Does lineage and tradition have a value if the skills of the style failed to be passed on?
This is a question that came to mind after last night’s lesson with one student. He recognized that his shoulders were stiff and the after-effects of last week’s vigorous push hands training were still lingering on. He has improved from when he first started but the tension shifted to another part of the arm.
I had him go through part of the form. I could see where he was moving excessively, thus amplifying the tension.
Now the remedy to address this is by using the form to work through it by paying attention to the use of intention to move the body in a manner that will eliminate this unnecessary tension. However, he has a problem “seeing” it and this is not unusual because from experience I would say that most students would have a hard time trying to visualize the traditional process.
So does this mean that all is lost with this student?
No, of course not. I am all for tradition but only in that it serves its purpose of transmitting the art. Otherwise tradition is useless.
I reframed the learning process in terms that are easily understood using life experiences that most of us would have gone through some time.
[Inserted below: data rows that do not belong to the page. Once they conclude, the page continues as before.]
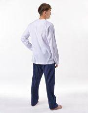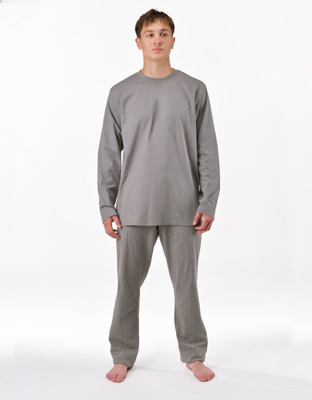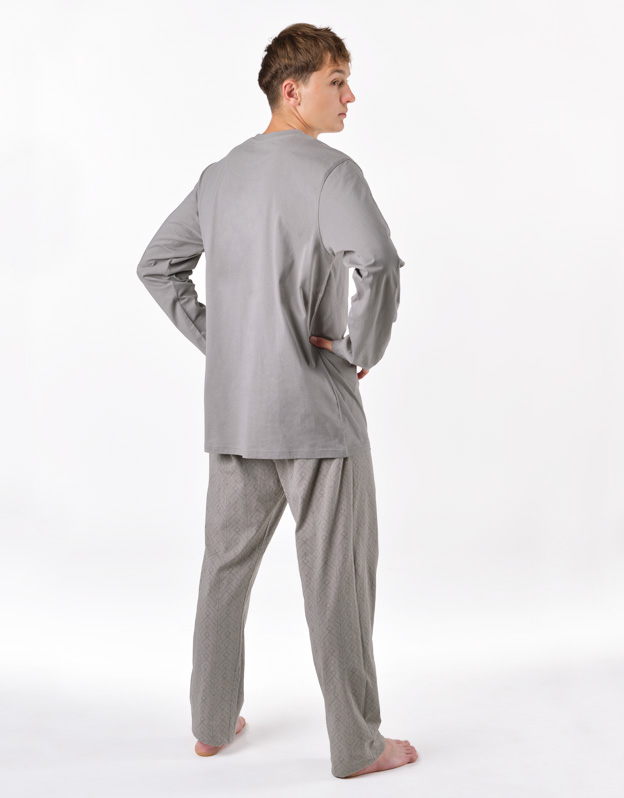 Pánske klasické pyžamo voľného strihu z jemného úpletu Vám poskytne pohodlie počas spánku. Nohavice sú potlačené drobným vzorom, tričko s dlhými rukávmi zdobí menšiu potlač na hrudi.
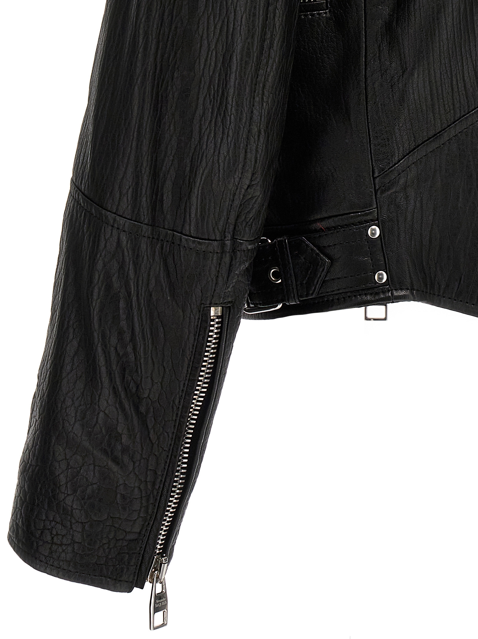 Leather jacket with texture, zip closure, pockets and long sleeves.
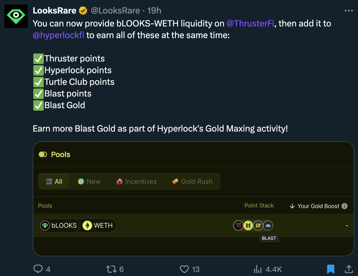 You can now provide bLOOKS-WETH liquidity on @ThrusterFi and then stake it on @hyperlockfi
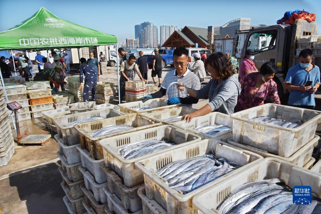 9月7日,在青岛西海岸新区积米崖渔港码头,鱼贩在进货选购。 新华社记者 李紫恒 摄

Using this modern analogy and acting as the sounding board I had him work through the steps.
When I had him try the traditional mental model his arm was still stiff when tested. But after using the modern model his arm had relaxed a lot more. It was still not quite the proverbial 4 ounces touch but it was a good start.
My student was thinking of using a wall to help him learn. I offered an alternative method because the wall is not able to offer feedback.
The point here is that the principle is the same but explaining it the traditional way may not work for many modern learners. In this sense tradition has little value. It is when the essence of the tradition, however it may be passed on works and enables the student to Master Tai Chi Today that the tradition proves its worth.